Suppose the investigator believes that the true mean birthweight for the infants from smoking mothers could be as low as 3200 grams or as high as 3800 grams (i.e. he anticipates conducting a two-tailed test) with the true variability being the same within each of the two groups. He intends to design a balanced CRD (i.e. equal sample sizes) in weighing babies from randomly selected mothers from each of the two groups.

a) Now, the investigator wants to risk a 10% or less chance of failing to detect a mean difference between the two groups of mothers. Suppose the investigator intends to eventually analyze the data assuming that the variance(s) are known. What sample sizes per each of the two groups would needed for this study?

b) Obviously, the investigator will not able to assume the variance(s) as known when he analyzes the data and intends to publish the results. Readdress the question in (a) given this more normal circumstance.

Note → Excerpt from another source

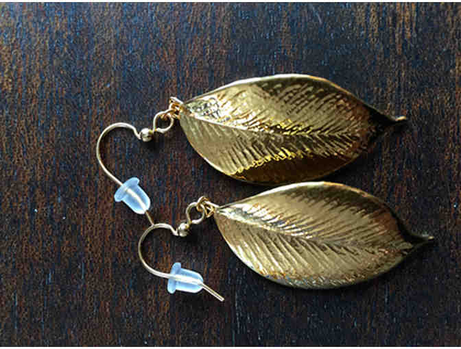 At Alyxia Leaf, makers of jewelry and curios, careful attention is taken to preserve the unique characteristics of each treasure from nature, down to its atomic detail, and no piece is the same. During the electroforming process, a fine layer of metal is bonded to carefully selected natural objects from all over the U.S. and Australia. These earrings made with Australian Alyxia leaves, from which the company takes its name, are 1 inches long. For more information go to http://www.alyxialeaf.com/jewelry/5/Alyxia-Gold-Earrings.htm

c) What power would be afforded from sample sizes of 10 babies per each of the two groups if a conventional t-test was going to be used to analyze the data?

d) What should be the sample sizes for the two groups if the investigator desires the 95% t-based CI on the mean difference to be no greater than 50 grams?

4. Jonathan Bechtel says:

Hi Charles,

2 Questions:

Since the question is…….”Is the nutrient significantly better at INCREASING height?”…….wouldn’t that imply a 1-tailed test and hence more appropriate to use NORMSINV(.05) to arrive at the most appropriate Z-Crit value?

You used NORMSDIST in this example, but omitted using NORMDIST. I re-ran the results using NORMDIST(95, 106.69, 4.131182, TRUE) and got a different answer. My intuition is that NORMDIST is best for 1 sample testing and not two sample testing, which is why you only used NORMSDIST instead. Am I correct here or is there something I’m missing?

• Charles says:

Jonathan,

Just because you are interested in increasing height does not mean that you should use a one-tailed test. You could use a one tailed test, if you are certain that the nutrient won’t decrease height. Usually it is safer to use the two-tailed test.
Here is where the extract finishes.